Markets bounce back as China and the US strike a “mini trade deal”

APAC News mural of US President Donald Trump with Twitter Account image

DID DONALD TRUMP’S SPIKE IN TWITTER POSTS PROVIDE CLUES AS TO WHERE THE US PRESIDENT WAS HEADING ON TRADE TALKS WITH CHINA?

Top Australian economist takes a novel approach, doing the numbers on President Trump’s Twitter output, correctly predicting it pointed to a China trade compromise   

Story: Marcus Reubenstein
(Main Image: Pixabay/Digital Manipulation: APAC News)

One of Australia’s most respected, and accurate, economists predicted the trade compromise struck between the US and China by analysing the number of times President Donald Trump had taken to Twitter over the past month.

A day before the “mini US-China trade deal” was announced, AMP Capital Chief Economist, Shane Oliver noted that the US commander-in-chief’s tweets had “gone through the roof” in September with Donald Trump taking to Twitter 797 times, or 26.6 tweets per day. He even went to the trouble of charting Donald Trump’s tweets as far back as the 2016 Presidential Campaign, Dr. Oliver called it right in saying it was a signal that the US President was under pressure and deal was on the cards.

Commenting on the eventual deal, Dr. Oliver said, “This was about the best deal that could have been expected.

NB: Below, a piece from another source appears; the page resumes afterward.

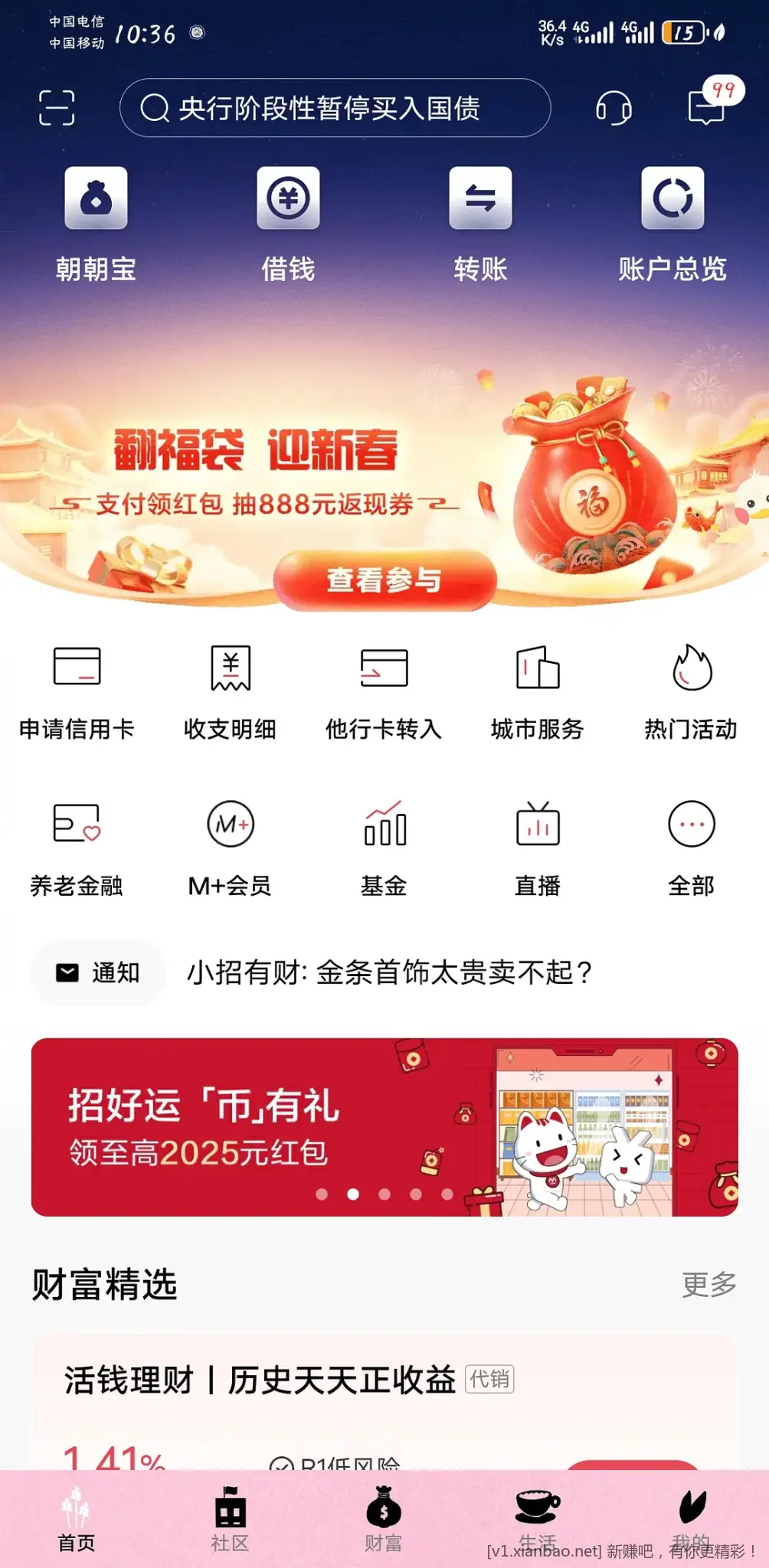 招行黄金红包或还款券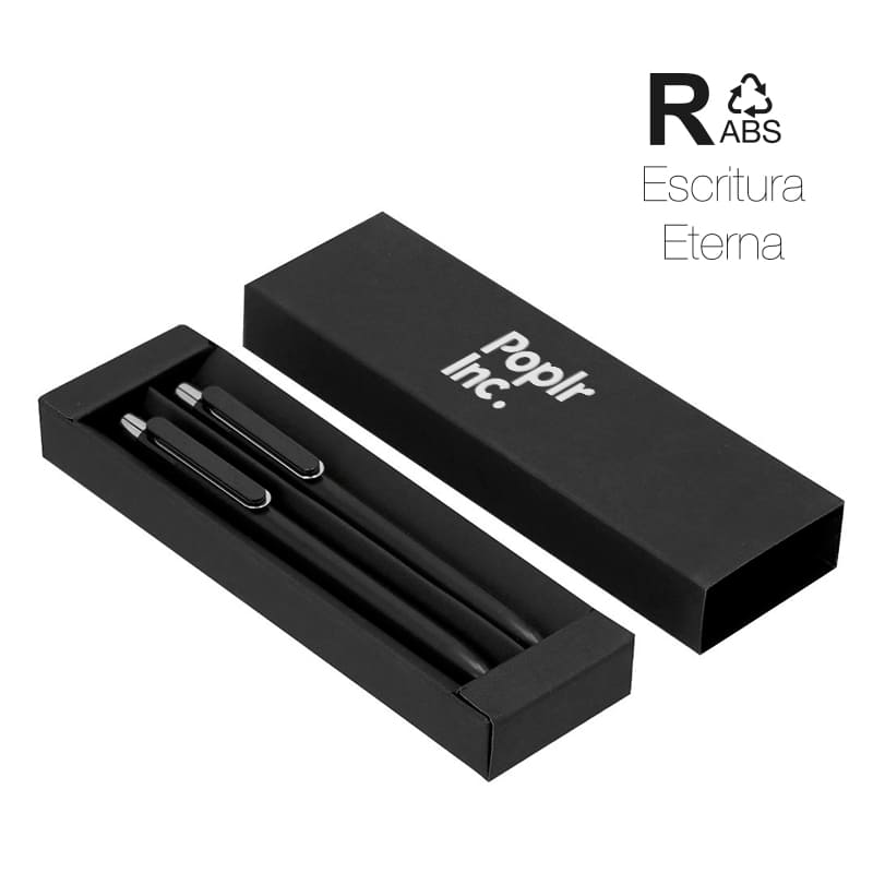 Set compuesto por un bolígrafo de tinta azul y un lápiz eterno, ambos fabricados en RABS.

The details are pretty vague but key elements involve China buying more US agricultural products and making some commitments around IP protection, financial services and currency in return for the US suspending the October 15 tariff hike from 25% to 30% on $US250 billion of imports from China.”

The US President says the first phase of the trade deal will be completed over the next three weeks, called it “very substantial” and announced the second phase will start immediately after the ratification of phase one.  

As part of that deal China will purchase about US$40 billion to US$50 billion of US agricultural products, which President Trump said was a “tremendous deal for the (US) farmers.”

The Chinese delegation to Washington was led by Vice Premier Liu He and, in reporting on the meeting, the Xinhua News Agency said, “the two sides achieved substantial progress” and that both China and the US were committed to eventually reaching a formal agreement.   

The announcement should relieve political pressure on both sides as well taking some pressure off the global financial markets.

Following last week’s global equities rout, leading markets recovered some of their losses, Wall Street rose 0.6% for the week, Eurozone shares gained 1.8%, Japanese shares were up 1.8%, China’s market rose 2.5%, and Australian shares moved ahead by 1.4% led by health, telecommunications, IT and industrial shares.